🤖 AI Summary
Floating-point programs in safety-critical domains (e.g., military systems) may exhibit severe numerical errors triggered by rare inputs; existing detection techniques suffer from prohibitive computational overhead—due to reliance on expensive high-precision verification—and poor scalability in exploring distant regions of the input space. This paper proposes MGDE, the first approach to embed the Newton–Raphson method into a differential evolution framework, enabling mathematically guided, efficient, and long-range exploration of the input space. By leveraging analytical gradient information, MGDE accelerates convergence and substantially reduces the frequency of costly high-precision validation. Experimental results show that MGDE detects 89 vulnerabilities across 44 single-input programs—6.4× faster than state-of-the-art methods—and identifies an average of 9 vulnerabilities per multi-input program in just 0.644 seconds, demonstrating superior precision, robustness, and practical applicability.
📝 Abstract
Floating-point program errors can lead to severe consequences, particularly in critical domains such as military applications. Only a small subset of inputs may induce substantial floating-point errors, prompting researchers to develop methods for identifying these error-inducing inputs. Although existing approaches have achieved some success, they still suffer from two major limitations: (1) High computational cost: The evaluation of error magnitude for candidate inputs relies on high-precision programs, which are prohibitively time-consuming. (2) Limited long-range convergence capability: Current methods exhibit inefficiency in search, making the process akin to finding a needle in a haystack.

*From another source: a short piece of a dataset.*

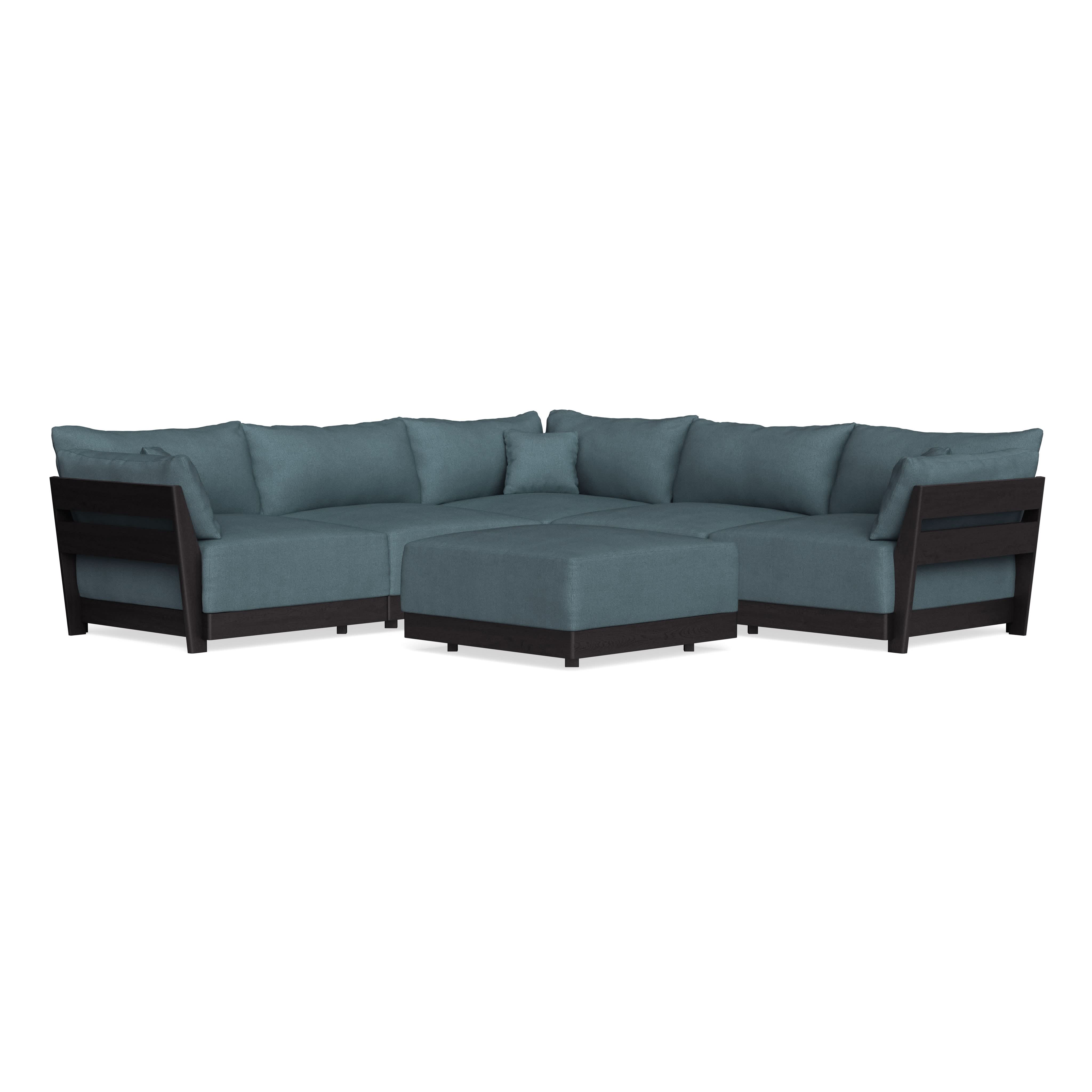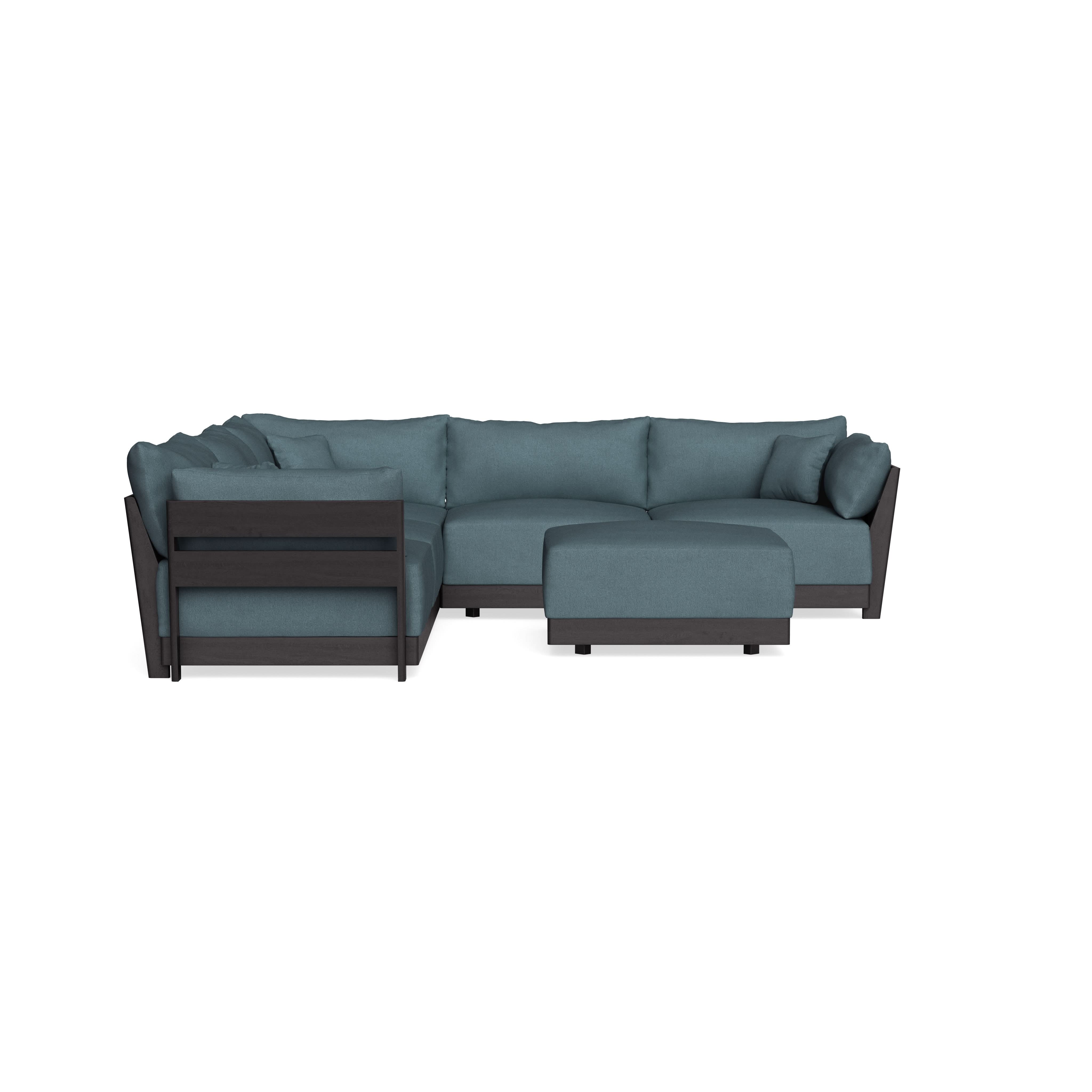 Modular Bondi Black 5-Seater Corner Sectional + Ottoman in Slate Blue | Classic Blend

To address these two limitations, we propose a novel method, named MGDE, to detect error-inducing inputs based on mathematical guidance. By employing the Newton-Raphson method, which exhibits quadratic convergence properties, we achieve highly effective and efficient results. Since the goal of identifying error-inducing inputs is to uncover the underlying bugs, we use the number of bugs detected in floating-point programs as the primary evaluation metric in our experiments. As FPCC represents the most effective state-of-the-art approach to date, we use it as the baseline for comparison. The dataset of FPCC consists of 88 single-input floating-point programs. FPCC is able to detect 48 bugs across 29 programs, whereas our method successfully identifies 89 bugs across 44 programs. Moreover, FPCC takes 6.4096 times as long as our proposed method. We also deploy our method to multi-input programs, identifying a total of nine bugs with an average detection time of 0.6443 seconds per program. In contrast, FPCC fails to detect any bugs while requiring an average computation time of 100 seconds per program.